Under the advice of Dae-kyung, Jung-soo must conserve the phone's battery to remain in contact and to ration two water bottles and a birthday cake originally meant for his daughter Su-jin, in order to stay alive long enough while Dae-kyung inspects the darkened tunnel only to realize they were close to Jung-soo. However, the tunnel began to cave in further, narrowly burying him and his colleague as they manage to escape. The vibrations of the collapse leads Jung-soo to spot the #3 on the ventilation fan; Dae-kyung uses this as a reference point to devise a plan for workers to both excavate through the tunnel and drill above Jung-soo to rescue him.

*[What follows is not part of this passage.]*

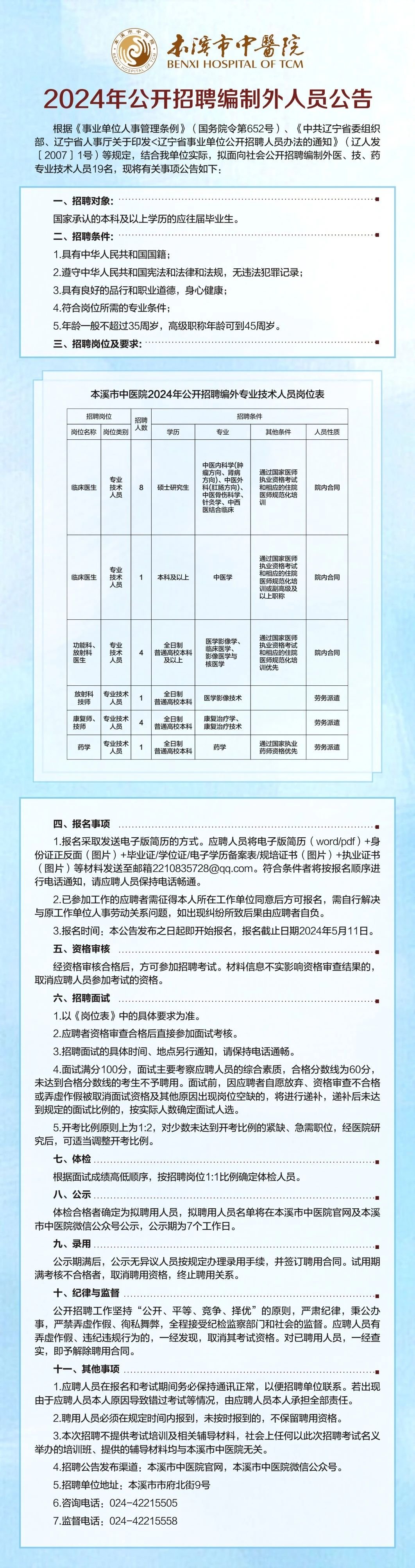 本溪市中医院2024年公开招聘编制外人员19人公告

Three days later, Jung-soo is alerted by the presence of a pet dog Taeng belonging to Mi-na, another trapped motorist who is impaled by the steel rebar during the collapse. Jung-soo tells her that a rescue operation is underway, but Mi-na succumbs to her injuries. On the eighteenth day of the rescue, when Jung-soo doesn't hear the drillers nearby, Dae-kyung is notified that the maps he is using was incorrect and realized that they have drilled the wrong place and must restart the excavation operation. A demoralized Jung-soo contemplates giving up, but Se-hyun in response threatens that she will kill herself along with her daughter and urges him not to give up, just as his phone battery runs out. Public opinion over the rescue operation of Jung-soo – whose chances of survival were already in doubt – began to sour, culminating in an accident that costed the life of an excavation worker; his elderly mother throws eggs at Se-hyun, blaming her for her son's death.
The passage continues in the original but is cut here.